Stored records:
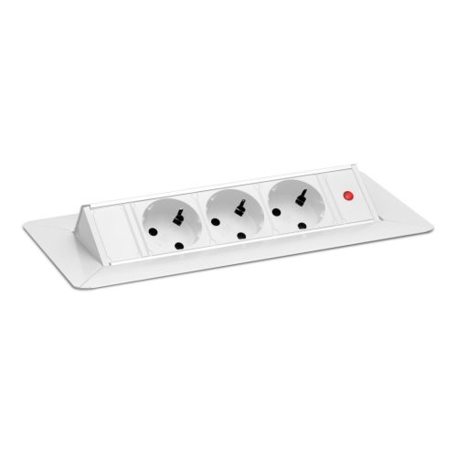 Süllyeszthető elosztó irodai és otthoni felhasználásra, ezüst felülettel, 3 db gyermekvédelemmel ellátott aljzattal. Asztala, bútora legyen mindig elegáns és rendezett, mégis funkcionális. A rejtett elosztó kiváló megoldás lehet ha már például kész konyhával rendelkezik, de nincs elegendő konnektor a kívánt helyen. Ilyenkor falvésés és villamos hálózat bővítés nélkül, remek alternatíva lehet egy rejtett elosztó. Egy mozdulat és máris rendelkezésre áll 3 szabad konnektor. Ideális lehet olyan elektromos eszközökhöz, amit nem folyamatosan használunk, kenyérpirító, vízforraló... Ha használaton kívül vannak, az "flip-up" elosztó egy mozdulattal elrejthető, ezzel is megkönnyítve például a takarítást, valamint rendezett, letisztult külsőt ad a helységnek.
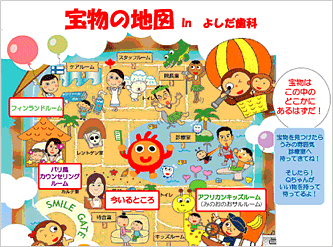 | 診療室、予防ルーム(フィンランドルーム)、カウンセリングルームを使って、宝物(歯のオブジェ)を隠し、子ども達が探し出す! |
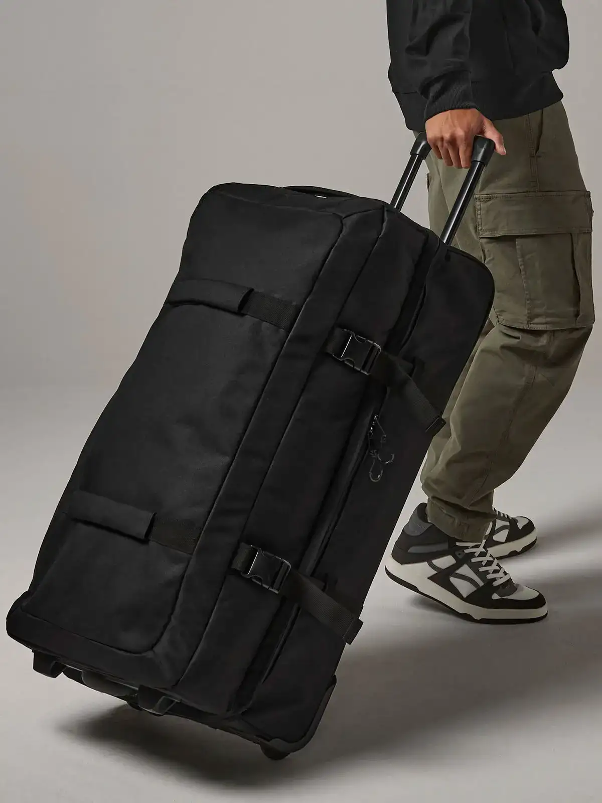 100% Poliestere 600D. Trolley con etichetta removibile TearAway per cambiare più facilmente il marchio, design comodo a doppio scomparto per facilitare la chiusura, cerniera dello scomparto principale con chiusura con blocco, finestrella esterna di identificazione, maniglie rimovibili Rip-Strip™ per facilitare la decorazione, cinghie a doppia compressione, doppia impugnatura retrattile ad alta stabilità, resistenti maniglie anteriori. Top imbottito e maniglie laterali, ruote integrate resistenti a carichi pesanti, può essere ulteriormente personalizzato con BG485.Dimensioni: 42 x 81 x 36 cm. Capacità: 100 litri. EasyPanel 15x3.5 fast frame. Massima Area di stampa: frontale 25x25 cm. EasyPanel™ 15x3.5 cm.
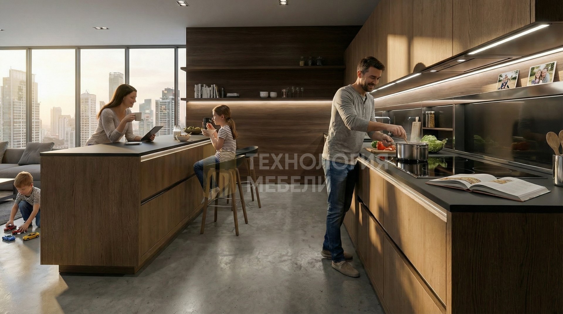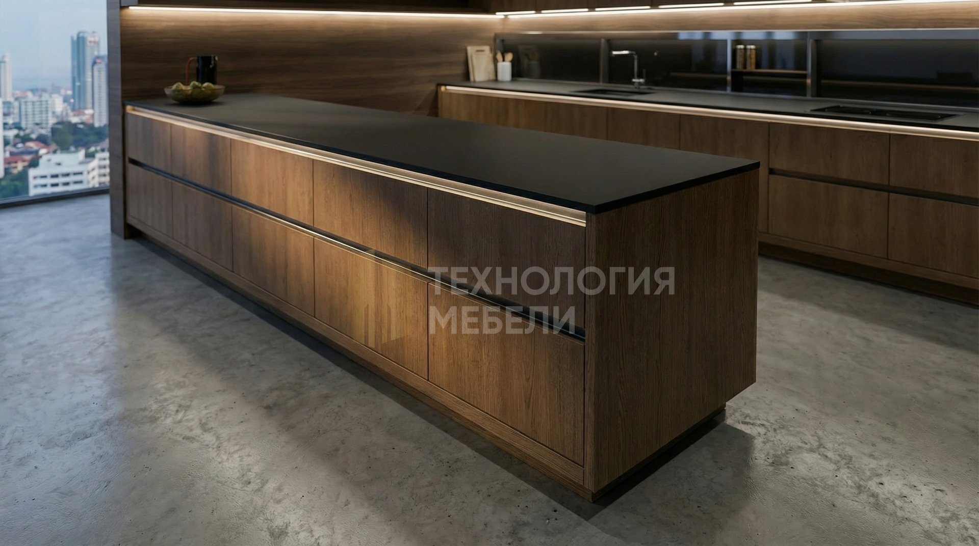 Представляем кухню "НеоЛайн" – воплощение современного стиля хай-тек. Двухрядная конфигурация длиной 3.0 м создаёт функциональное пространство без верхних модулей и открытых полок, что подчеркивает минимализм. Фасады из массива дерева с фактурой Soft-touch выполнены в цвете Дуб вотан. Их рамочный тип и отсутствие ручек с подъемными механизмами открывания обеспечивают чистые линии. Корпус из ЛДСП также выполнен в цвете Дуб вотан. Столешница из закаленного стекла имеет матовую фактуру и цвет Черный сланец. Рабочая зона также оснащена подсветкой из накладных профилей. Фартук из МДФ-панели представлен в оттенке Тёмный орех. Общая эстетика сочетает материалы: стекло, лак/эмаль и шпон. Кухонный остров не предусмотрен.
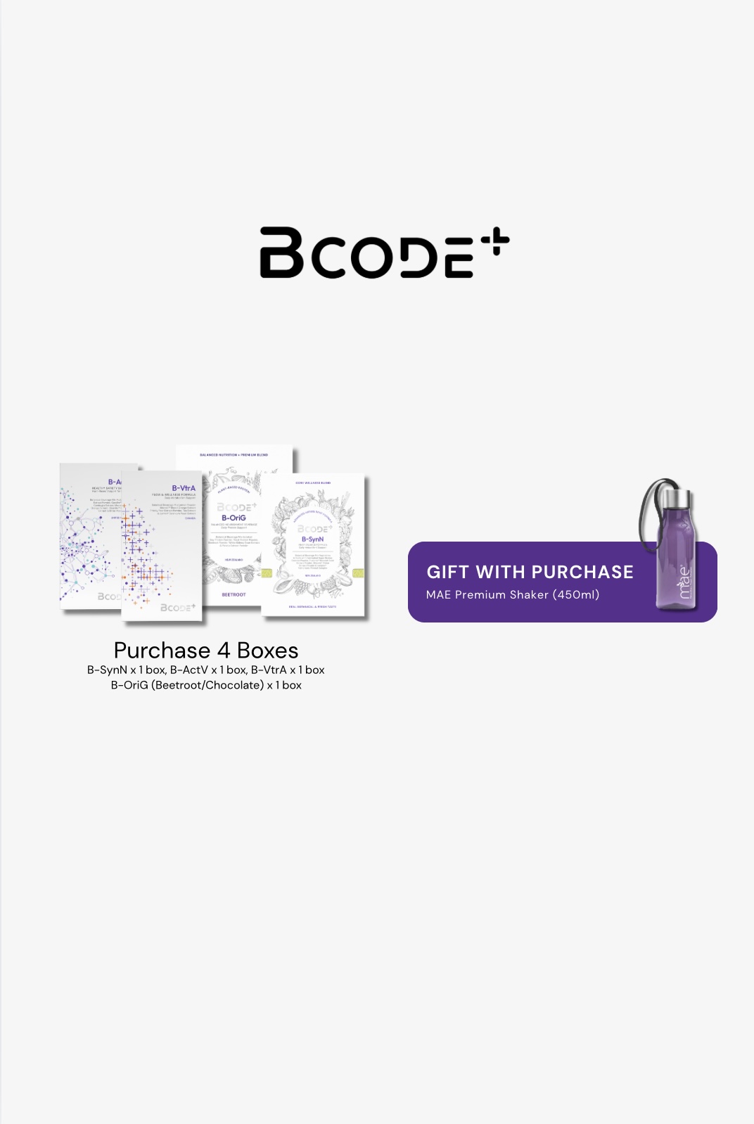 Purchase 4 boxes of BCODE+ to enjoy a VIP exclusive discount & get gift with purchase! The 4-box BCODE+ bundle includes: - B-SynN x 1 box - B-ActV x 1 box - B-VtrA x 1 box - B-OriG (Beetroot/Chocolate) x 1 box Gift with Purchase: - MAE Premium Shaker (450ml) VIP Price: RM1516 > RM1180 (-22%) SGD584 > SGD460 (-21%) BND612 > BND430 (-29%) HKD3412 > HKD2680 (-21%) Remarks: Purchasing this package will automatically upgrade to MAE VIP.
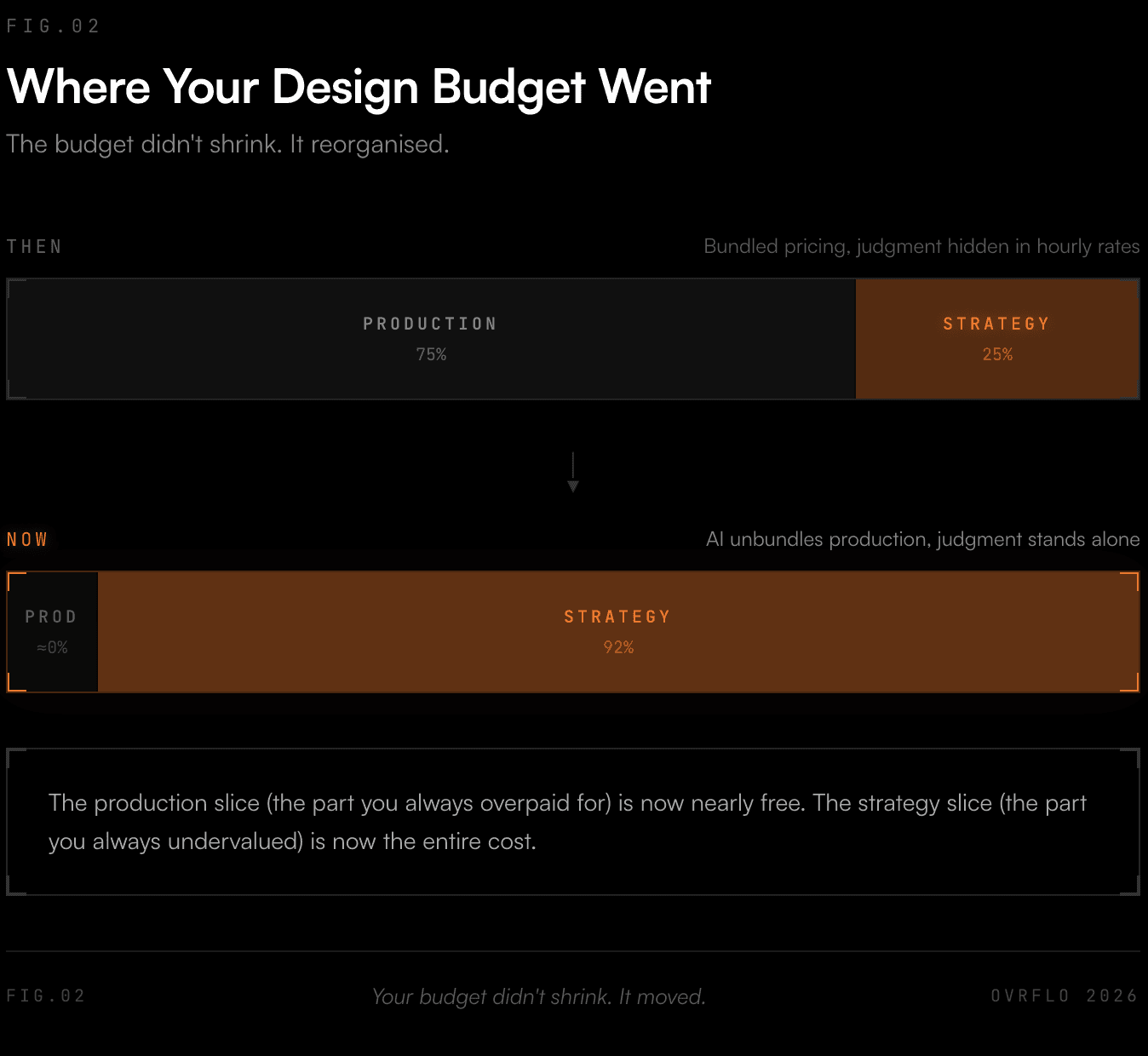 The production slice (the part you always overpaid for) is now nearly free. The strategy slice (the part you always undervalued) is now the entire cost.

The task
Copy out all the data without changing anything, and drop the pictures.

Your solution
 Süllyeszthető elosztó irodai és otthoni felhasználásra, ezüst felülettel, 3 db gyermekvédelemmel ellátott aljzattal. Asztala, bútora legyen mindig elegáns és rendezett, mégis funkcionális. A rejtett elosztó kiváló megoldás lehet ha már például kész konyhával rendelkezik, de nincs elegendő konnektor a kívánt helyen. Ilyenkor falvésés és villamos hálózat bővítés nélkül, remek alternatíva lehet egy rejtett elosztó. Egy mozdulat és máris rendelkezésre áll 3 szabad konnektor. Ideális lehet olyan elektromos eszközökhöz, amit nem folyamatosan használunk, kenyérpirító, vízforraló... Ha használaton kívül vannak, az "flip-up" elosztó egy mozdulattal elrejthető, ezzel is megkönnyítve például a takarítást, valamint rendezett, letisztult külsőt ad a helységnek.
 | 診療室、予防ルーム(フィンランドルーム)、カウンセリングルームを使って、宝物(歯のオブジェ)を隠し、子ども達が探し出す! |
 100% Poliestere 600D. Trolley con etichetta removibile TearAway per cambiare più facilmente il marchio, design comodo a doppio scomparto per facilitare la chiusura, cerniera dello scomparto principale con chiusura con blocco, finestrella esterna di identificazione, maniglie rimovibili Rip-Strip™ per facilitare la decorazione, cinghie a doppia compressione, doppia impugnatura retrattile ad alta stabilità, resistenti maniglie anteriori. Top imbottito e maniglie laterali, ruote integrate resistenti a carichi pesanti, può essere ulteriormente personalizzato con BG485.Dimensioni: 42 x 81 x 36 cm. Capacità: 100 litri. EasyPanel 15x3.5 fast frame. Massima Area di stampa: frontale 25x25 cm. EasyPanel™ 15x3.5 cm.
 Представляем кухню "НеоЛайн" – воплощение современного стиля хай-тек. Двухрядная конфигурация длиной 3.0 м создаёт функциональное пространство без верхних модулей и открытых полок, что подчеркивает минимализм. Фасады из массива дерева с фактурой Soft-touch выполнены в цвете Дуб вотан. Их рамочный тип и отсутствие ручек с подъемными механизмами открывания обеспечивают чистые линии. Корпус из ЛДСП также выполнен в цвете Дуб вотан. Столешница из закаленного стекла имеет матовую фактуру и цвет Черный сланец. Рабочая зона также оснащена подсветкой из накладных профилей. Фартук из МДФ-панели представлен в оттенке Тёмный орех. Общая эстетика сочетает материалы: стекло, лак/эмаль и шпон. Кухонный остров не предусмотрен.
 Purchase 4 boxes of BCODE+ to enjoy a VIP exclusive discount & get gift with purchase! The 4-box BCODE+ bundle includes: - B-SynN x 1 box - B-ActV x 1 box - B-VtrA x 1 box - B-OriG (Beetroot/Chocolate) x 1 box Gift with Purchase: - MAE Premium Shaker (450ml) VIP Price: RM1516 > RM1180 (-22%) SGD584 > SGD460 (-21%) BND612 > BND430 (-29%) HKD3412 > HKD2680 (-21%) Remarks: Purchasing this package will automatically upgrade to MAE VIP.
 The production slice (the part you always overpaid for) is now nearly free. The strategy slice (the part you always undervalued) is now the entire cost.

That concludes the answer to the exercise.